On Fri, May 11, 2018 at 10:24:35AM +0200, W. Martin Borgert wrote:
> Quoting Alexander Krotov <ilab...@gmail.com>:
> > Disappearing messages without end-to-end encryption and forward
> > secrecy are useless at best. They give the user false sense of
> > security. That is why Telegram implements timers for "secret" chats
> > only I believe, as I said in the first message.
> 
> I respectfully disagree.
> 
> Timers (or "ephemeral messages") are not a security feature, but only
> a means of data hygiene.

What I propose is a security feature that complements forward secrecy.
Just like OMEMO clients make sure not to store ephemeral keys,
OMEMO+Timers clients should make sure not to store ephemeral contents.

> Therefore it is orthogonal to any encryption and it does also not
> matter, whether your peer or one of your peers devices or resources
> does implement the feature or not. No need to check. As sender, just
> use the timers and let the problem of deleting messages to the
> recipient.

I want to be able to advertise to my contacts which of my devices
support timers, so devices that don't support them are not able to
decrypt the message.
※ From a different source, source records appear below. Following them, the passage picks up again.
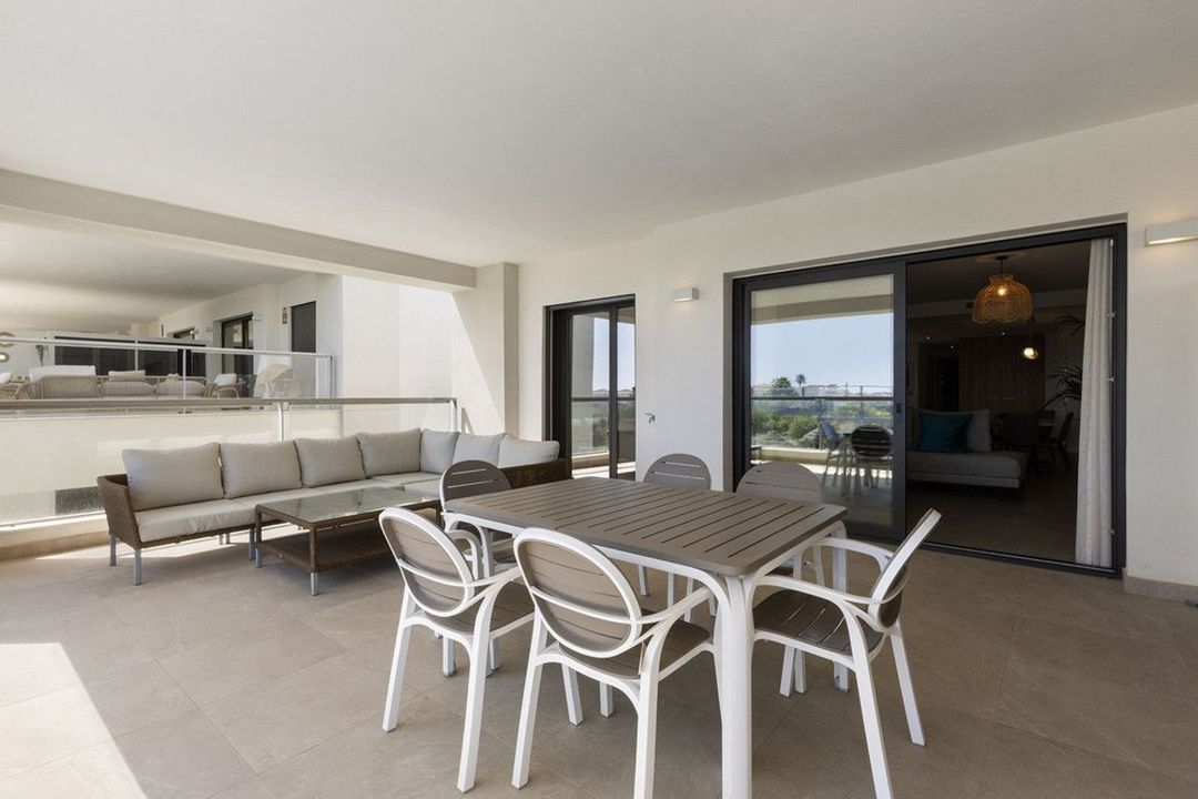 Large sliding doors lead out to the impressive 40m2 terrace, which features discreet storage space and extends your living outdoors, ideal for enjoying the Mediterranean climate.
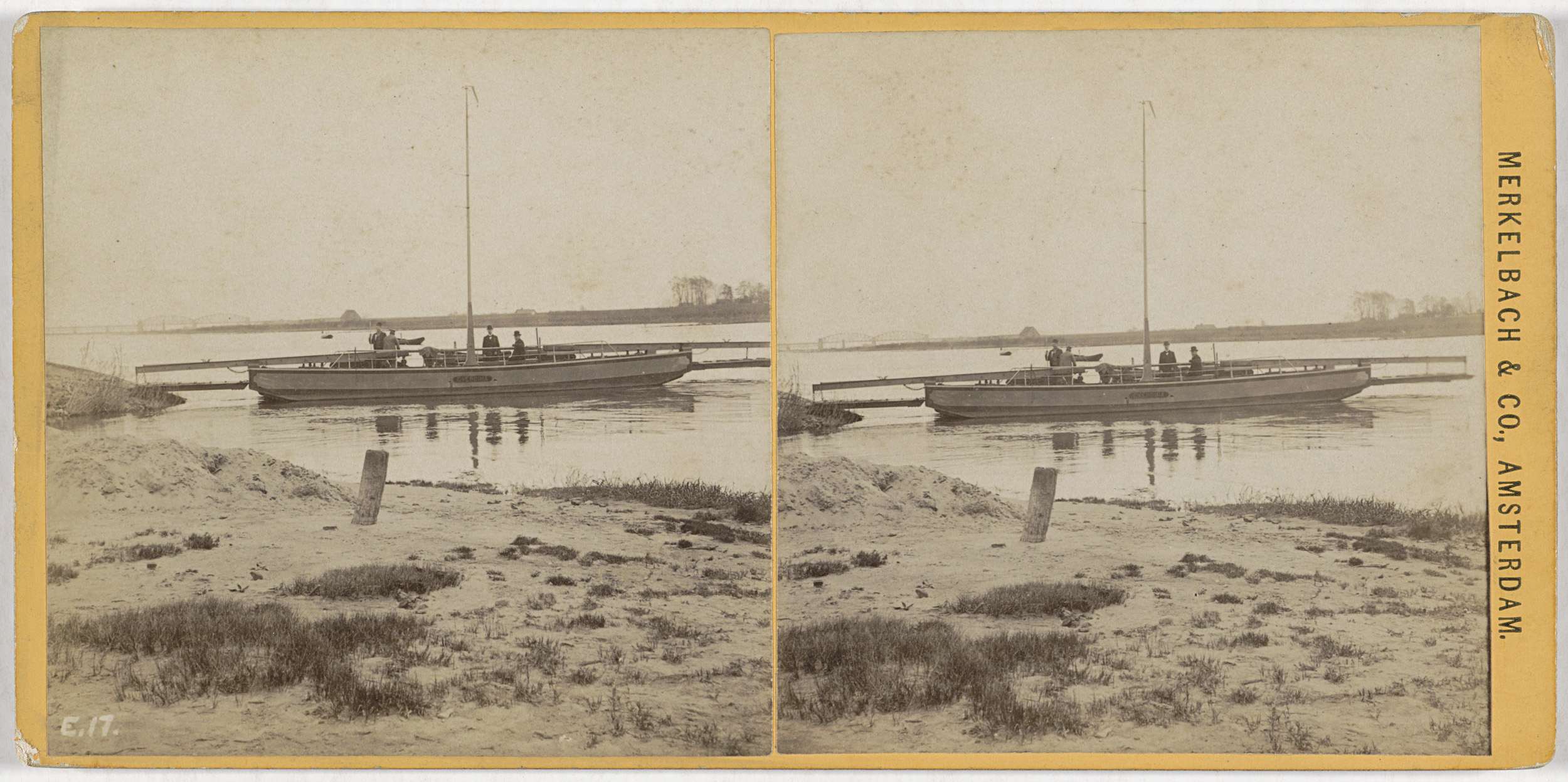 Gezicht op de Nederrijn met het Drielse Veer en de s...
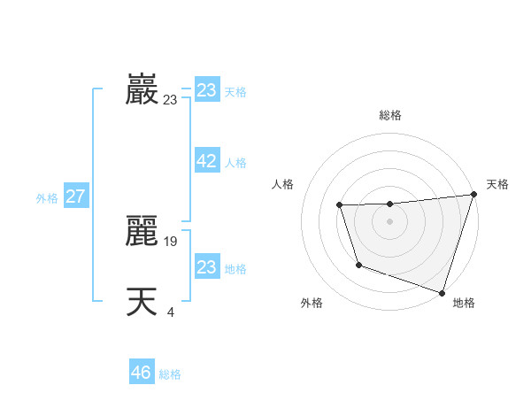 巖 麗天さんの天格は23画の5点!
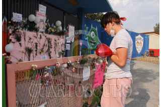 TIZAYUCA, HIDALGO, 16MARZO2021.- Familiares, amigos y comunidad estudiantil colocaron un altar a las afueras del Jardín de Niños Roberto Zéron, en honor y con el objetivo de exigir justicia para la niña Nicole Santos de 7 años de edad, esto luego de su desaparición y posteriormente la confirmación del hallazgo de su cuerpo en la presa El Manantial, en el municipio de Tizayuca, por autoridades de la Procuraduría General de Justicia del Estado. FOTO: ROGELIO MORALES /CUARTOSCURO.COM
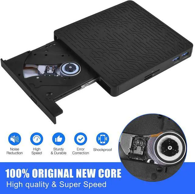 Compared with others, This external DVD drive has TF and SD card slots,two additional USB 3.0 ports(Others are actually USB 2.0).So it can be used as a USB 3.0 HUB.This DVD drive supports to play and burn DVD/CD/Mini Disk. It can transfer photos and videos directly from SD / TF card into the computer, USB Hard Drive and flash drive.
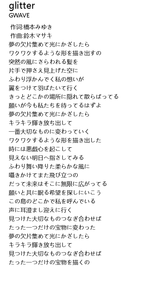 | [00:02.30] | 夢の欠片集めて光にかざしたら |
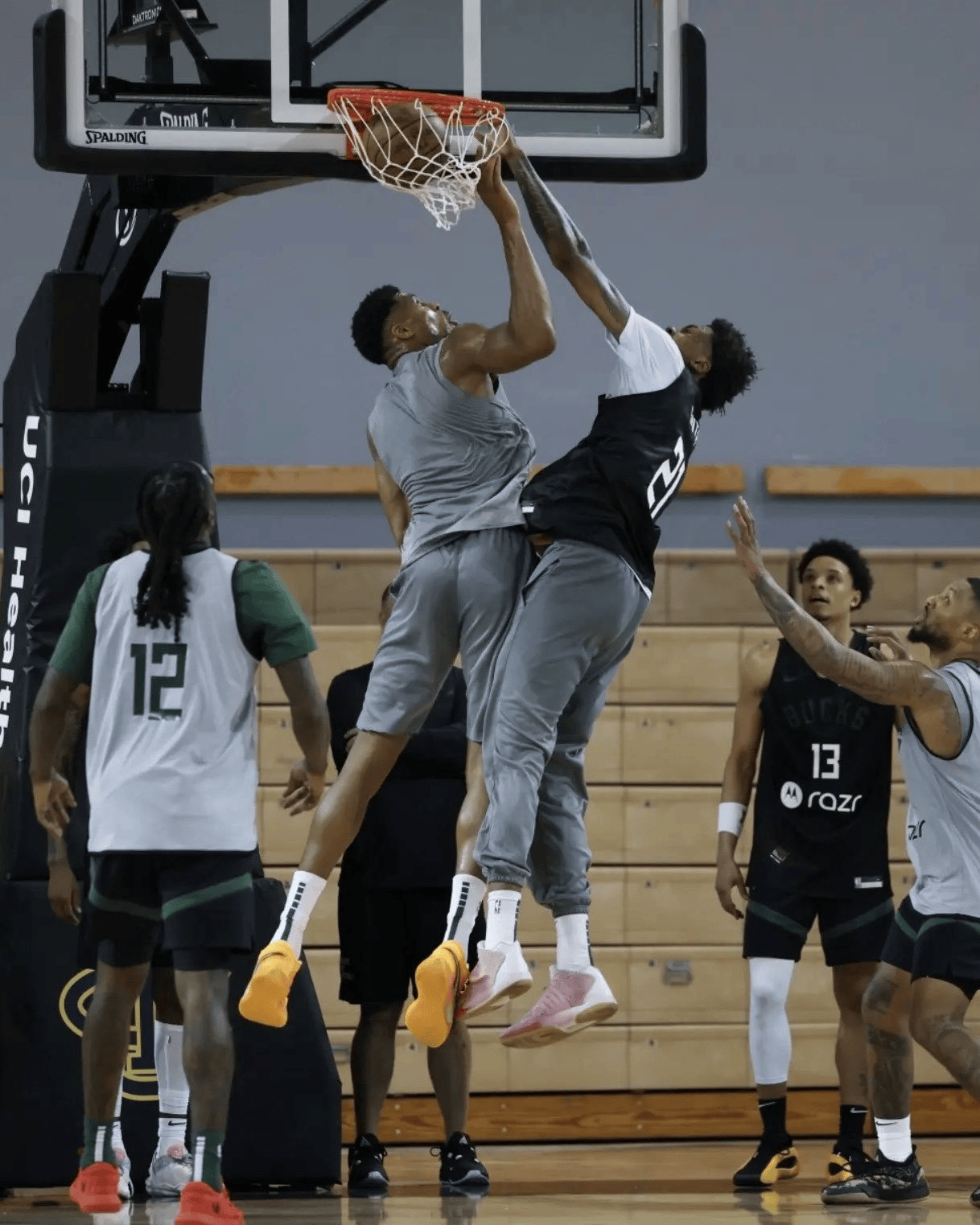 今日,鹿次轮秀根据球员官方晒出的泰勒视频,球队今年33号秀泰勒-史密斯在训练中隔扣字母哥。小伙
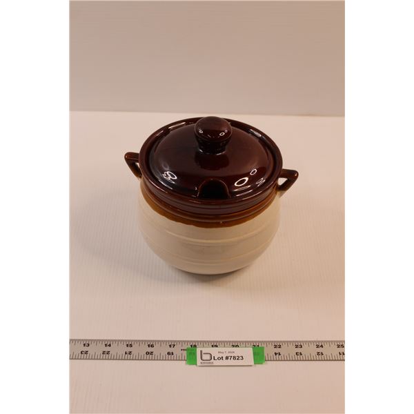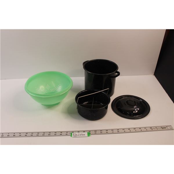 Small Enameled Canning Pot w/Lid And Inserted Handled Strainer/Divider & Tupperware Plastic Strainer

Otherwise I will have to remove messages
manually, and it is not always possible, for example if messages
are stored in the cloud or locally in the SQLite database without
SQLITE_SECURE_DELETE pragma.

Implementing this in a way orthogonal to OMEMO encryption is
impossible, because mechanism I propose must be aware of "devices"
and "keys".

I agree that unencrypted disappearing messages may be useful to
someone, so the <timer> element itself can be specified independently,
but for my proposal it is only a small part of the whole solution.

What you suggest (send disappearing messages to all devices, whether
supporting the feature or not) is called opportunistic security.
It is similar to sending email messages encrypted to those contacts
for which you have their public key and plaintext to those clients
for which you don't. That is how "autocrypt" (https://autocrypt.org/)
works, but it offers lower security guarantees. For example, it
can't help against active attacker, because it is automatically
disabled if unencrypted message is received. Opportunistic security in
email world is a compromise required due to problems with OpenPGP
web-of-trust model proliferation. OMEMO has much smaller problems,
especially since "blind trust before verification" was enabled.

I definitely want a strong non-opportunistic mode, in which it is
guaranteed that messages are only sent to those devices that support
encryption. Adding opportunistic mode may be possible, but I am
afraid it will overcomplicate both the protocol and the UI.

For example, support for timers in clients that don't support encryption
will make it impossible to move <timer> element inside the encrypted
part in the future: it will break timer setting synchronization.